Vielfalt, Viren und Behandlung – neue Fledermausfamilie entdeckt

Hipposideros pomona, Hipposideridae Foto: Dr. Sébastien J. Puechmaille

Interessiert waren die Wissenschaftler bei den Untersuchungen auch an speziellen Viren, die von diesen Fledermäusen auf den Menschen übertragen werden können. Diese Erkenntnisse wurden in der führenden wissenschaftlichen Fachzeitschrift „Molecular Biology and Evolution“ veröffentlicht. An dem Forschungsprojekt war der Greifswalder Wissenschaftler Dr. Sébastien Puechmaille vom Zoologischen Institut und Museum beteiligt.

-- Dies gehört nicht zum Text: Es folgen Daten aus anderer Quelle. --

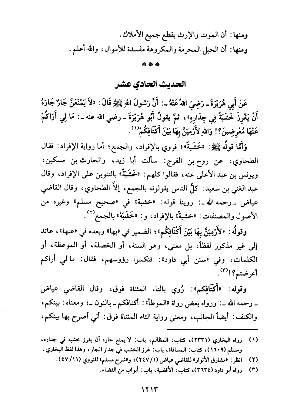 عَنْ أَبِي هُرَيْرَةَ -رَضِيَ اللهُ عَنْهُ-: أَنَّ رَسولَ اللهِ - صلى الله عليه وسلم - قَالَ: "لَا يَمْنَعَنَّ جَارٌ جَارَهُ أَنْ يَغْرِزَ خَشَبَةً فِي جِدَارِهِ"، ثمّ يقولُ أَبُو هُرَيْرَةَ - رضي الله عنه -: مَا لِي أَرَاكُمْ عَنْهَا مُعْرِضِينَ؟! وَاللهِ لأَرْميَنَّ بِهَا بينَ أَكْتَافِكُمْ (¬1).

Während des Forschungsprojektes sammelte eine Gruppe Forscher aus Australien, Deutschland, Madagaskar, Südafrika, Thailand, den USA und Vietnam unter irischer Führung weltweit DNA dieser Fledermäuse und vervielfältigte und sequenzierte die DNA von 19 Genen. Sie analysierten diese Daten und erstellten Stammbäume, um die Beziehungen der Fledermäuse im Rahmen ihrer Entwicklungsgeschichte herauszufinden.

Sie justierten mit Hilfe von Fledermausfossilien eine molekulare Uhr und entdeckten die Entstehungszeit und die Ursprungsgebiete verschiedener Fledermausgruppen. Die neu bestimmte Fledermausfamilie Rhinonycteridae entstand vor ca. 39 Millionen Jahren in Afrika und lebt heute in Afrika, Asien und Australien. Eine genauere Untersuchung dieser Fledermausgruppe zeigte, dass sie ein einzigartig geformtes Nasenblatt besitzen. Es wird vermutet, dass sie damit ihre besonderen Rufe zur Echoortung ausstößt.

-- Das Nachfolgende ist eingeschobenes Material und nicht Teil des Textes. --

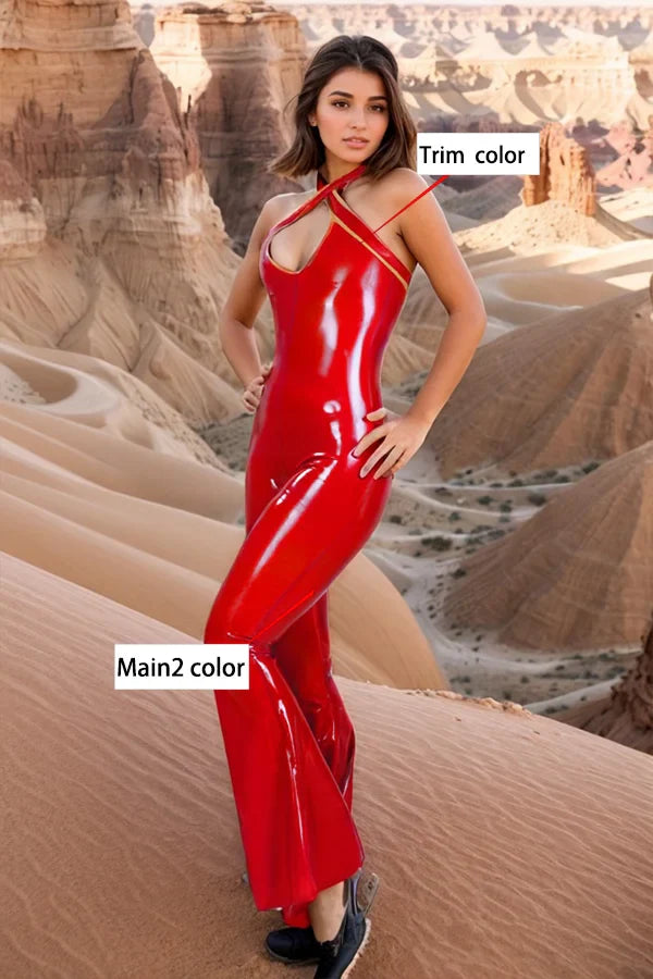 One-piece sleeveless flare-leg latex jumpsuit.

Wissen um die stammesgeschichtlichen Beziehungen der Fledermäuse ist für die menschliche Gesundheit sehr bedeutsam, da einige Arten als Ursprung für das Auftreten der für den Menschen tödlichen Coronaviren SARS und MERS gelten. Für Fledermäuse sind sie hingegen offensichtlich harmlos.

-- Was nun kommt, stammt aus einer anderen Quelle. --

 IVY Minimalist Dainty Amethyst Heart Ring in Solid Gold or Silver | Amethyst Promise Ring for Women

Um nachvollziehen zu können, wie sie mit diesen Viren leben können und vielleicht Vorhersagen bezüglich eines möglichen Neuauftretens dieser Krankheiten machen zu können, ist eine genauere Untersuchung der Mitglieder der Rhinonycteridae wichtig.

„Eine der wichtigsten Erkenntnisse der Untersuchungen besteht in der Entdeckung, dass sich die Rhinonycteridae sowohl von den Hufeisennasenfledermäusen als auch den Rundblattnasenfledermäusen unterscheiden und eine alte Fledermausfamilie sind, die auf weitere Coronaviren, zum Beispiel die für SARS verantwortlichen Viren, untersucht werden sollte. Denn von diesen Arten, die offensichtlich nicht von den Coronaviren beeinträchtigt werden, erhalten wir eventuell die Antwort darauf, wie wir uns gegen diese Krankheiten schützen können“, so Prof. Emma Teeling (University College Dublin, Irland), Seniorautorin des wissenschaftlichen Artikels.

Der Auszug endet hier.